"Data is the New Oil! How Analytics and AI are Changing the Game for the Auto-Aftermarket" took place at AAPEX on November 1.
The presenters were Tim Eisenmann, chief digital officer at American Tire Distributors, Andrew Brooks, SVP data and analytics at ATD, and Tilak Kasturi, CEO at Predii. Eisenmann pointed out that while artificial intelligence is not a new term, it has prevalence across many industries in modern times because leveraging that AI is easier. Simply put, more data is available these days than ever before.
So, what does this have to do with automotive? Katsuri said the shop of the future considers "leveraging these insights in an effective manner." He said, with the power of data, shops may even be able to get to a point where they can anticipate maintenance needs before the customer even gets into the shop.
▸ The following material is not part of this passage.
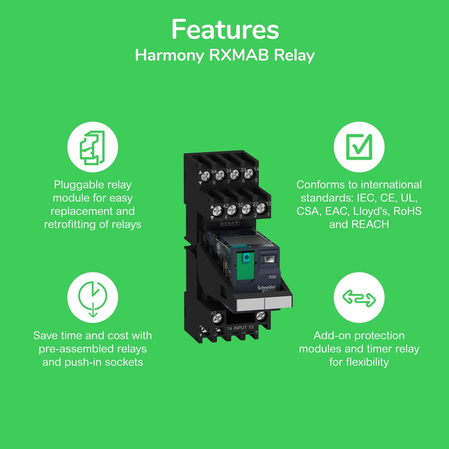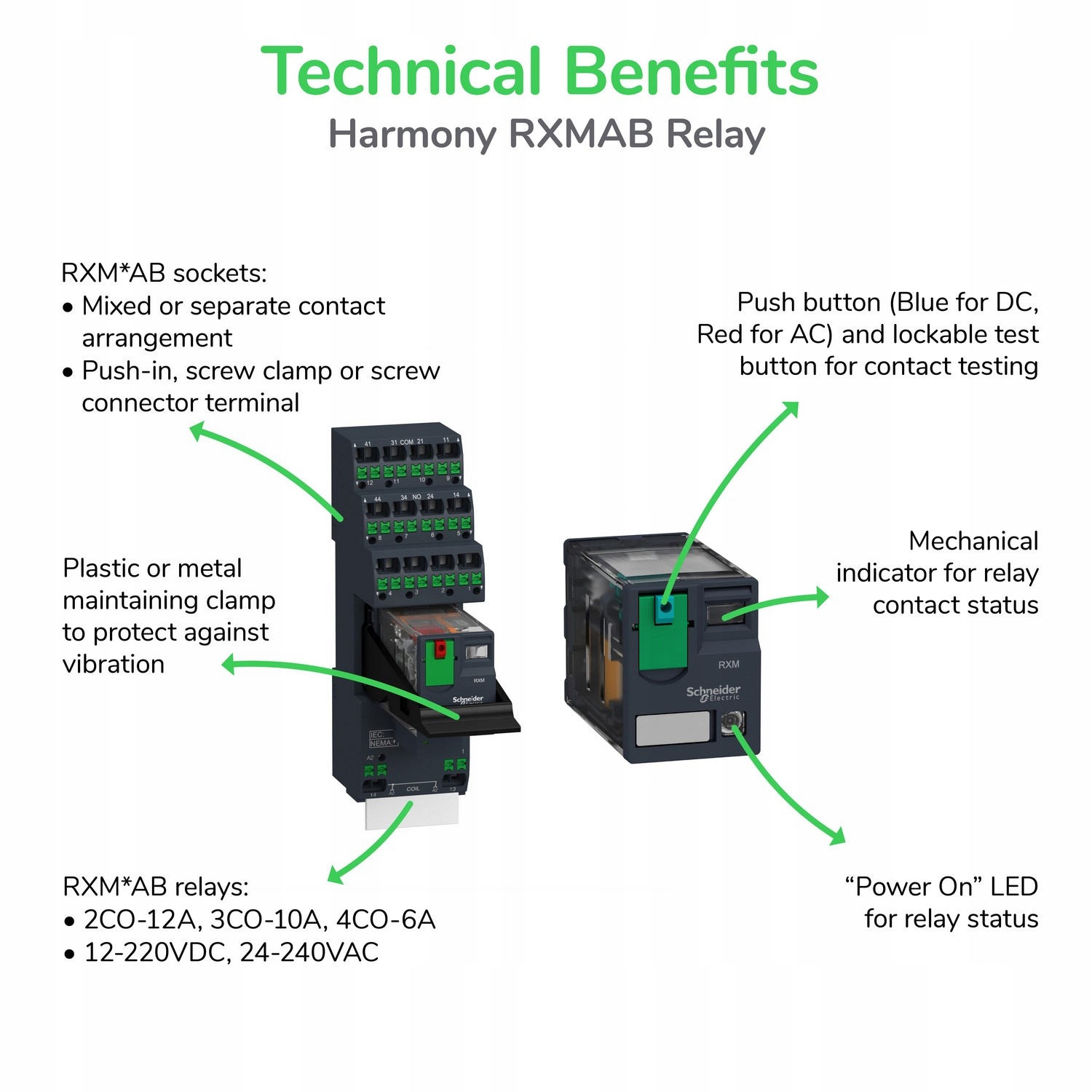Мініатюрні реле RXM є частиною електромеханічних реле Harmony. Це вставне реле для монтажу на гнізді RXZE. Він також пропонує одноступеневу кнопку перевірки блокування та індикатор стану механічного контакту. Кнопка тестування миттєво активується натисканням синьої кнопки на передній панелі та блокується поворотом зеленої частини вгору. Механічний індикатор розташований поруч із кнопкою перевірки, де помаранчевий прапорець вказує на стан контакту реле. Зелений світлодіод на передній панелі засвітиться, коли реле ввімкнено. Індикатор стану зі світлодіодом: чітка індикація як вдень, так і вночі. Це екологічно чистий продукт преміум-класу, який відповідає міжнародним стандартам і сертифікатам, таким як IEC, CE, UL, CSA, EAC, Lloyd's, RoHS і REACH. Реле RXM слід використовувати з гніздом RXZE (гвинтова клема, гвинтовий з’єднувач, вставна клема). Для захисту від вібрації до розетки можна додати пластиковий/металевий хомут. Також доступні модулі захисту та легенда маркування.

The presentation highlighted that in general, modern vehicles are more complex and data driven. There is an opportunity for AI and data to help navigate industry challenges, which, as shared from an ATD perspective, include supply chain SKU proliferation, fragmentation, lack of digitization, and supply chain disruptions. Eisenmann shared the example of mailers. Instead of blindly sending them out to customers and trying to track the return on investment, wouldn't it be easier to have a database dedicated to tracking promotions?
Enter: the conversation surrounding AI. As the title of the session alludes to, the presenters focused on the potential for data to be part of the industry lifeblood. According to the presentation, artificial intelligence, in a basic form, can make machines "smart." This gives the term a wide application.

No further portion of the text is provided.